JerBouma / FinanceDatabase

This is a database of 300.000+ symbols containing Equities, ETFs, Funds, Indices, Currencies, Cryptocurrencies and Money Markets.
https://www.jeroenbouma.com/projects/financedatabase
MIT License
3.6k stars 401 forks source link

industry field anomalies #6

Closed mrx23dot closed 3 years ago

mrx23dot commented 3 years ago

https://github.com/JerBouma/FinanceDatabase/raw/master/Database/Equities/Countries/United%20States/United%20States.json

"industry" field contains the following anomaly:


"Banks\u2014Diversified",
"Banks\u2014Regional",
"Beverages\u2014Brewers",
"Beverages\u2014Non-Alcoholic",
"Beverages\u2014Wineries & Distilleries",

"Drug Manufacturers\u2014General",
"Drug Manufacturers\u2014Specialty & Generic",
"Insurance\u2014Diversified",
"Insurance\u2014Life",
"Insurance\u2014Property & Casualty",
"Insurance\u2014Reinsurance",
"Insurance\u2014Specialty",
"Real Estate\u2014Development",
"Real Estate\u2014Diversified",

these could use some normalization "Aerospace & Defense", "Aerospace/Defense - Major Diversified", "Aerospace/Defense Products & Services",

It's a lot faster to work on offline database, cheers!

JerBouma commented 3 years ago

Ah, I fixed this within my search_products function.

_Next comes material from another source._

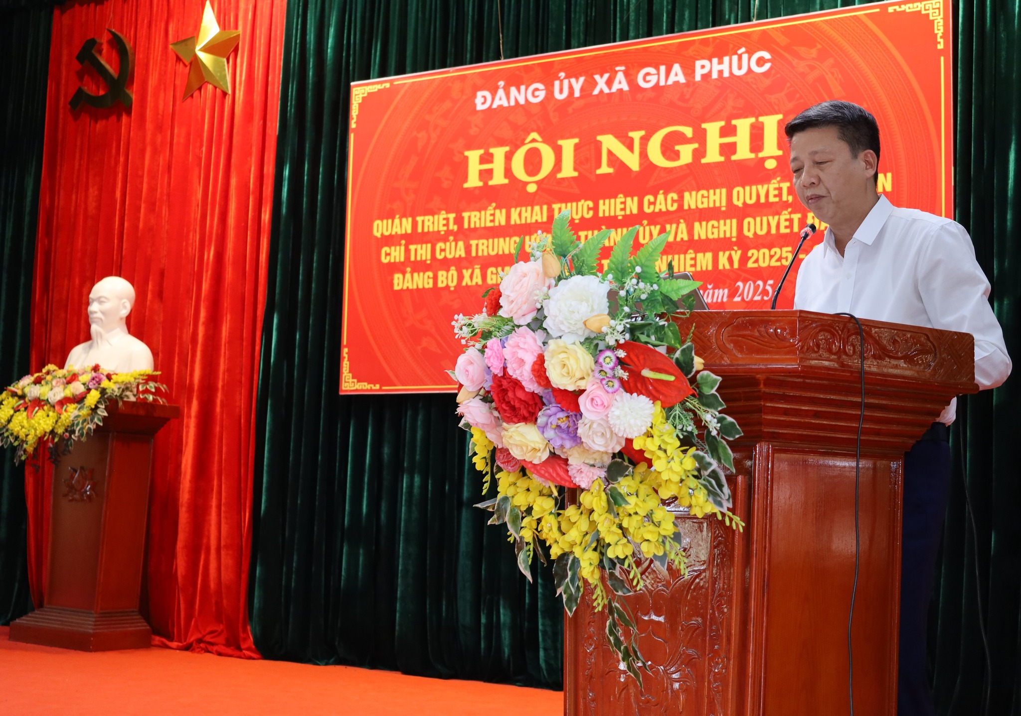 Phát biểu bế mạc Hội nghị, đồng chí Đồng chí Đỗ Văn Tiến – Bí thư Đảng ủy, Chủ tịch HĐND xã yêu cầu các chi bộ, ban ngành, đoàn thể và cán bộ, đảng viên trong toàn Đảng bộ tiếp thu đầy đủ các nội dung được quán triệt, tiếp tục tổ chức học tập, triển khai thực hiện nghiêm túc tại đơn vị mình; đồng thời đẩy mạnh công tác tuyên truyền, phổ biến sâu rộng trong cán bộ, đảng viên và nhân dân, tạo sự thống nhất về nhận thức và hành động, quyết tâm thực hiện thắng lợi Nghị quyết Đại hội Đảng bộ xã Gia Phúc lần thứ I, nhiệm kỳ 2025–2030.

I will look into adjusting the JSON files as well!

Perhaps this might not work due to the fact '&' is usually not supported in filenames. Might change it to "and" in that case.

JerBouma commented 3 years ago

Fixed the issue. The problem was that \u2014\ referred to a special form of the dash ( - ) sign. This makes it very difficult to select that type of data. See the fix (for example): Banks - Diversified.

I also updated strings like Aerospace/Defense Products & Services to Aerospace Defense Products & Services because the forward slash usually gives problems with filenames.

Please let me know if you find more weird unicodes!